2.4 The evidence available to the Ombudsman is that the Commission did not draft the text of Article 7 of the Directive. The Ombudsman notes, therefore, that the Commission could not explain the draft Article's scope and purpose in the same way as for a proposal of its own. The Ombudsman also notes that the Commission indicated its view that the ban on descriptors could also apply to exports in reply to a written question from an MEP. The Ombudsman does not consider that the delay between the date of the written question and the date of the answer appears unreasonable, nor that the Commission's answer was deliberately vague, since only the Court of Justice can give a definitive interpretation of a provision of Community law. Furthermore, the Ombudsman does not consider that the complainants have supplied evidence that the Commission ignored the views of the European Parliament's rapporteur. The Ombudsman also points out that, in any event, those views could not be considered as an authoritative interpretation.

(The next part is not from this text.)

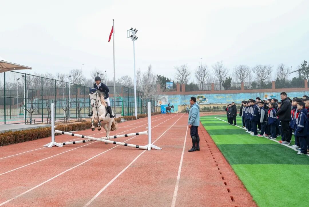 典礼最后,特色课程马术展示精彩上演,表演者们身着专业服饰,与骏马配合默契,展现出优雅的姿态与昂扬的精神,将马年“奋勇争先”的寓意展现得淋漓尽致,赢得了师生们的阵阵欢呼与掌声,也为开学典礼画上了圆满的句号。

The Ombudsman therefore finds no maladministration as regards this aspect of the complaint.
2.5 Also in their observations, the complainants argue that the Commission should have carried out the in-depth legal analysis which subsequently led to its change of position on the interpretation of Article 7, before advising the UK authorities that Article 7 also applies to exports. The Ombudsman notes that the complainant's argument depends on the assumption that the Commission's advice was wrong. The Ombudsman points out that the question of whether Article 7 applies to exports is before the Court of Justice in pending Case C-491/01. The Ombudsman therefore considers that it would be premature to conduct further inquiries into the complainant's argument in the framework of the present complaint. The complainants could consider in future whether to make a new complaint to the Ombudsman in the light of the outcome of the above-mentioned case.
3 ConclusionOn the basis of the Ombudsman's inquiries into this complaint, there appears to have been no maladministration by the Commission. The Ombudsman therefore closes the case.
The President of the Commission will also be informed of this decision.
Yours sincerely,
Jacob SÖDERMAN
(1) 2001 OJ L 194/26.
(2) Case T-209/00 Lamberts v European Ombudsman, judgement of 10 April 2002, paragraph 66.
(3) Directive 2001/37/EC of the European Parliament and of the Council of 5 June 2001 on the approximation of the laws, regulations and administrative provisions of the Member States concerning the manufacture, presentation and sale of tobacco products, 2001 OJ L 194/26.
(4) Pages 17-19 of the English language version.
(5) Case 633/97. The case pending before the CFI was T-188/97 Rothmans International v Commission [1999] ECR-II 2463.